Le mot nationalisme a été inventé à la fin du XVIIIe siècle pour exprimer l’aspiration nationale d’un peuple. Ce nouveau peuple est défini par une idéologie de liberté, d’égalité et de fraternité commune à tous les individus qui le composent. Pour les révolutionnaires, le peuple français comprend tous les habitants de l’ancien royaume de France désireux de se défaire de la domination des élites de l’Ancien Régime et de construire une nouvelle nation. Durant le XIXe siècle, cet élan nationaliste gagne progressivement toute l’Europe. L’unification culturelle des nouveaux espaces nationaux devient un enjeu majeur. L’élaboration de mythes fondateurs et d’une historiographie nationale, visant à démontrer l’élaboration lente de la nation au cours des siècles, va dans ce sens. A cela, il faut ajouter l’uniformisation linguistique.

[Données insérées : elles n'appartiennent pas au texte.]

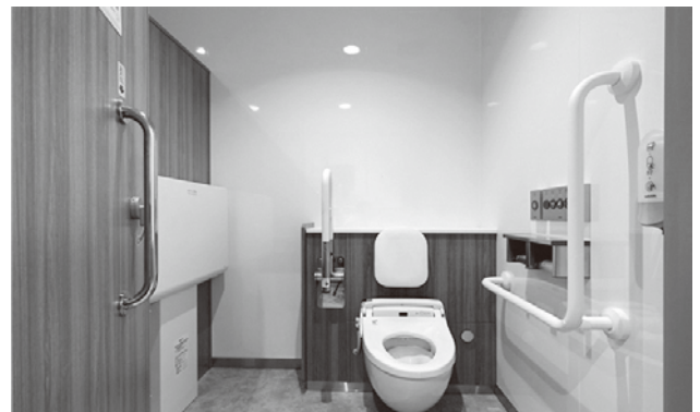
庁舎内部改修工事後のトイレ
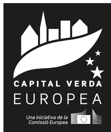
MONOCROMÀTIC BLANC - NEGATIU
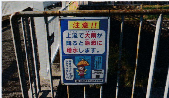
糸田川増水の注意書き

公園の生垣の木が抜けてズタズタになって路に出るのであぶない。何とかならないか。市から対処するという返答をもらった。
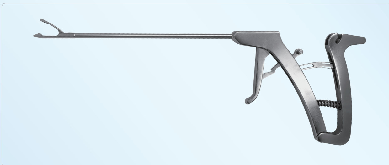
CL 肩关节缝合枪 CL SHOULDER SUTURE GUN
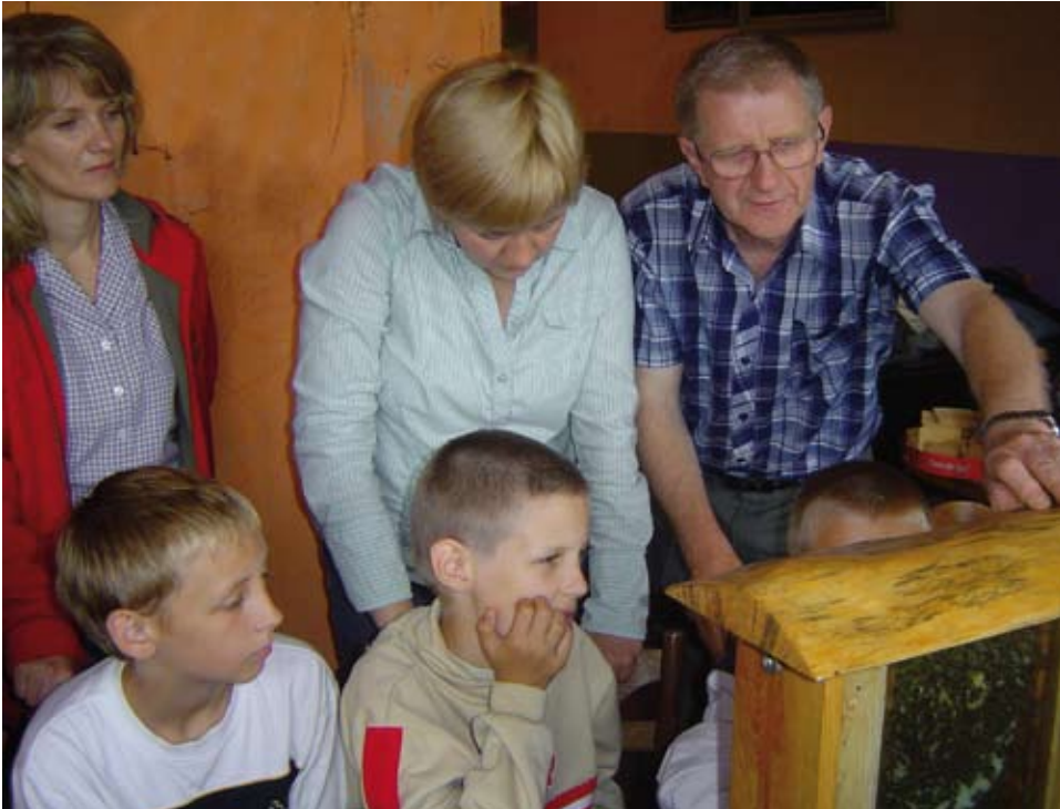
Spotkanie z pszczelarzem.

Pracownicy i dzieci ze świetlicy w Miejsko – Gminnym Ośrodku Kultury w Ogrodzieńcu składają serdeczne podziękowania za pomoc w zbieraniu makulatury Miejsko – Gminnej Bibliotece Publicznej, Zarządowi Gmin Jurajskich, Gminnemu Centrum Informacji, pracownikom Banku Spółdzielczego, Samodzielnemu Publicznemu Zakładowi Opieki Zdrowotnej oraz Zarządowi Komunalnemu.

Ces quelques considérations permettent de montrer que la Suisse n’est pas vraiment une nation, ni au sens de l’Ancien Régime, ni au sens de la France ou de l’Allemagne. Il manque au moins à la Confédération une unité culturelle et linguistique pour être une nation. Les institutions politiques, il est vrai, sont semblables dans tous les cantons, mais elles permettent à chacun d’eux de garder une bonne autonomie par rapport à la Confédération, de maintenir des particularités et une identité propre.

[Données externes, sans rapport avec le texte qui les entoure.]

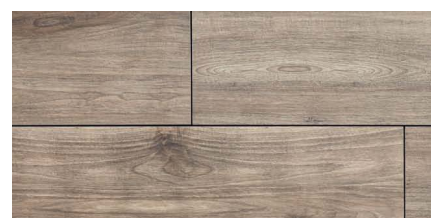
« Holz braun » 40 × 120 × 2 cm
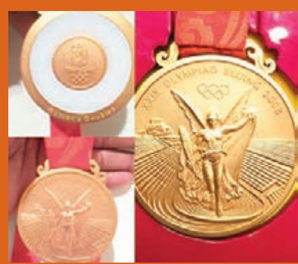
細威在社交網站表示尋回京奧雙打金牌。

另外，自從美網女單準決賽輸球出局後，細威就消失在網球賽場上，不過並沒有消失在人們的視野中。據美國傳媒報道，
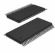
74ALVT16260DGG,112 NXP USA Inc. IC 12-24BIT MUX D LATCH 56TSSOP
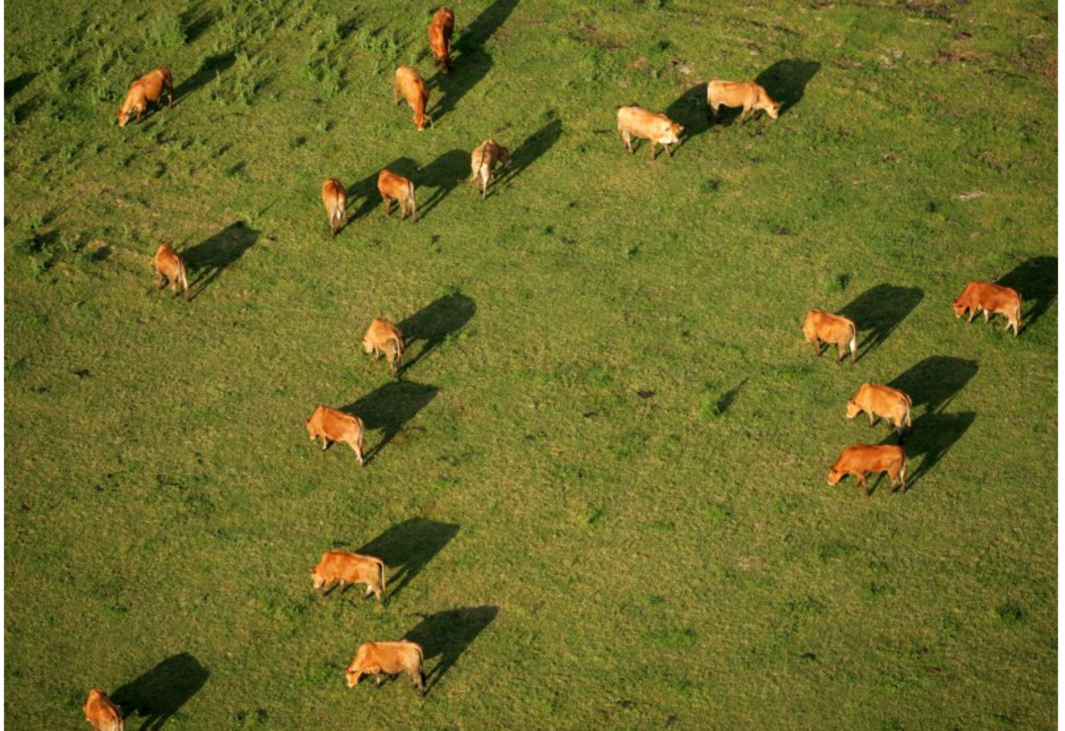
Meljac vu du ciel - à travers champs - survol d'un troupeau à la Bessière - juin 2010

En fait, les nations existent bel et bien en Suisse, mais à l’échelle cantonale. Ces nations correspondent à la définition de l’Ancien Régime et sont tout à fait dépourvues de la dimension idéologique apportée par la Révolution. Dans le cas du Canton de Vaud, nul besoin de créer un mythe fondateur et d’élaborer artificiellement une culture vaudoise, d’inventer une idéologie émancipatrice. Le canton de Vaud est une entité politique et culturelle cohérente. L’historiographie dispose aujourd’hui de tous les moyens nécessaires pour montrer que le pays de Vaud est une entité géopolitique réelle dès le XIIIe siècle grâce au duc Pierre II de Savoie.

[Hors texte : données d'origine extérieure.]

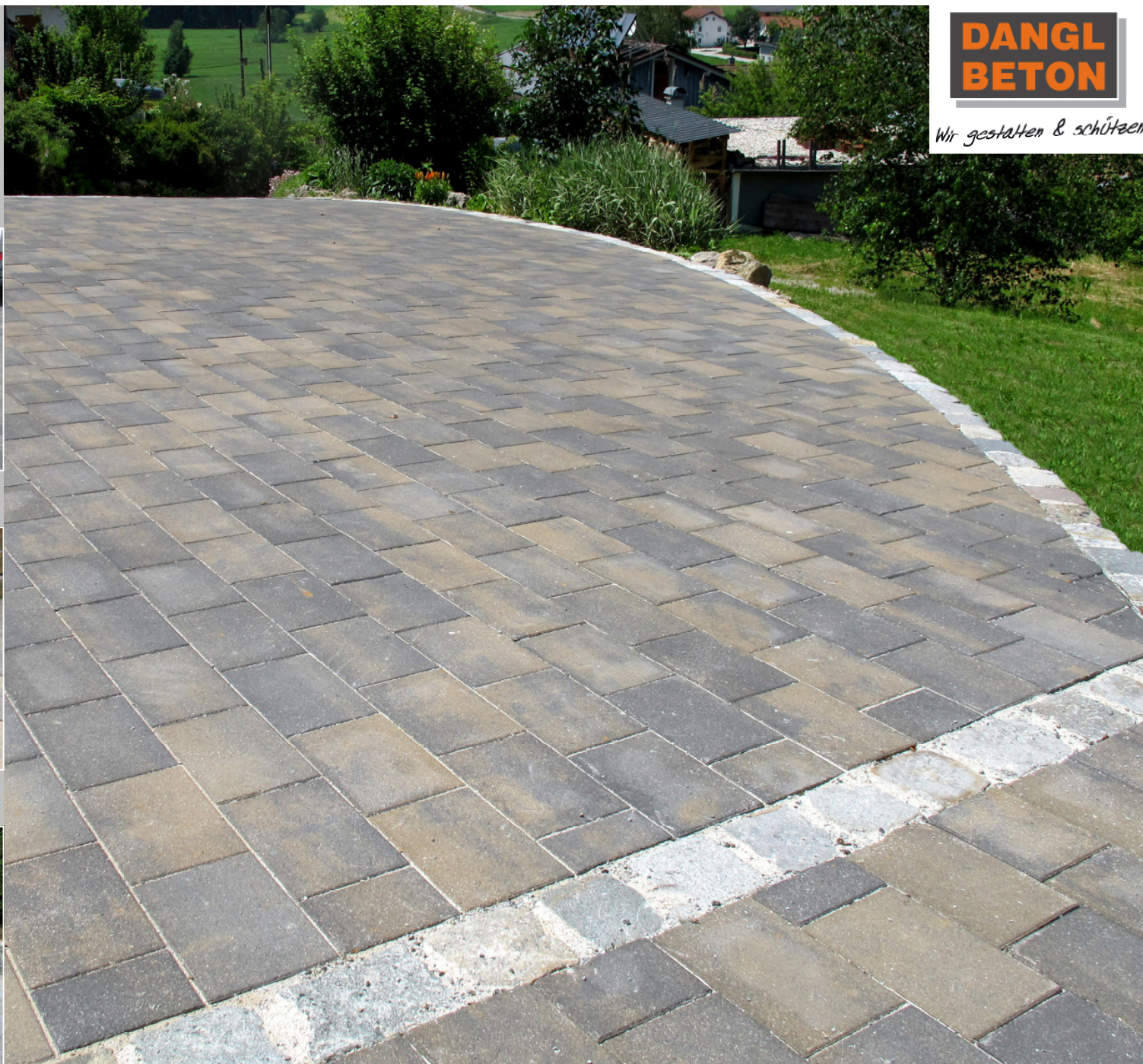
Dura 30 x 20 cm

Jusqu’en 1947, ce journal portait la mention Journal du nationalisme vaudois. Il faut comprendre ici un nationalisme géographiquement limité à une communauté politique traditionnelle, non exclusif, et avant tout réaliste. Toute personne se référant à la culture vaudoise, et aimant son pays d’origine ou d’adoption, selon qu’elle y est née où qu’elle s’y est installée après sa naissance et en a adopté les coutumes, fait partie de la nation. Le but de la politique n’est pas d’assurer la liberté ou l’égalité utopiques du peuple, la pureté d’une race, le pouvoir des travailleurs, ou tout autre idéal érigé en absolu, mais d’assurer le bien commun, réellement réalisable à petite échelle.